By preparing for earthquakes, individuals and communities can reduce the impact of an earthquake on their lives and property. It is important to remember that earthquakes can happen at any time, so being prepared can save lives and reduce property damage.
Earthquake Predictions and Forecasts
Earthquake prediction and forecasting is a field of study that aims to provide advanced warning of potential earthquakes and estimate the likelihood of earthquakes in a given area. Despite significant advancements in earthquake research and technology, predicting earthquakes with high precision remains a challenge.
Current methods of earthquake prediction involve studying the patterns of earthquakes, fault zones, and geological data. Scientists and researchers use a range of tools and techniques to study and monitor earthquakes, including seismographs, GPS sensors, satellite imagery, and geological surveys. By analyzing the data collected from these sources, they can identify patterns and trends that may indicate the potential for an earthquake.
One approach to earthquake prediction involves monitoring changes in the stress and strain of the Earth’s crust. This includes measuring the movement of tectonic plates and monitoring the buildup of stress along fault lines. Scientists also look for changes in the Earth’s magnetic field, groundwater levels, and the behavior of animals, as they may indicate the potential for an earthquake.

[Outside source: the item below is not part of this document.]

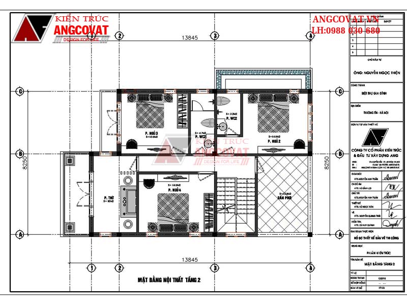 Tầng 2: ngủ 2 14.5m2, ngủ 3 13.5m2, ngủ 4 14.5m2, thờ 10m2, vệ sinh 2 4.7m2, vệ sinh 3 3.2m2, sân chơi 12.8m2

Another approach to earthquake prediction involves studying past earthquake patterns and using statistical models to estimate the likelihood of future earthquakes. This approach is based on the principle that earthquakes tend to occur in cycles, and that by studying the frequency and magnitude of past earthquakes, scientists can make predictions about future events.
Despite these methods, earthquake prediction remains a challenging task. Earthquakes are complex, nonlinear events that can occur suddenly and with little warning. There are also many factors that can affect the likelihood and severity of an earthquake, including changes in the Earth’s crust, human activity, and natural disasters such as hurricanes or volcanic eruptions.
Currently, there is no reliable method for predicting earthquakes with high accuracy. However, advances in technology and research are bringing us closer to this goal. In recent years, scientists have made significant strides in developing new monitoring techniques, such as real-time GPS sensors and satellite imagery, which can provide more precise data on the movement of the Earth’s crust.
Overall, earthquake prediction and forecasting remain important areas of research and development. As our understanding of earthquakes and their causes continues to grow, we may one day be able to predict these events with greater accuracy and help prevent the loss of life and property damage that often accompany them.
Conclusion
The effects of earthquakes can be devastating, causing widespread damage, loss of life, and social disruption. While we cannot completely predict when or where an earthquake will strike, we can take steps to mitigate its impact and be prepared to respond in the event of an earthquake.
Developing and implementing emergency preparedness plans, building codes that incorporate earthquake-resistant construction techniques, and earthquake drills and simulations are all important steps in preparing for earthquakes. Continued research into earthquake prediction and forecasting, as well as advancements in technology, will also play a critical role in helping us better understand and prepare for earthquakes in the future.
As we have seen in the recent earthquakes in Turkey and Syria, earthquakes can strike at any time and without warning. By understanding the causes and effects of earthquakes, and taking steps to prepare and respond to them, we can help minimize their impact and keep ourselves and our communities safe.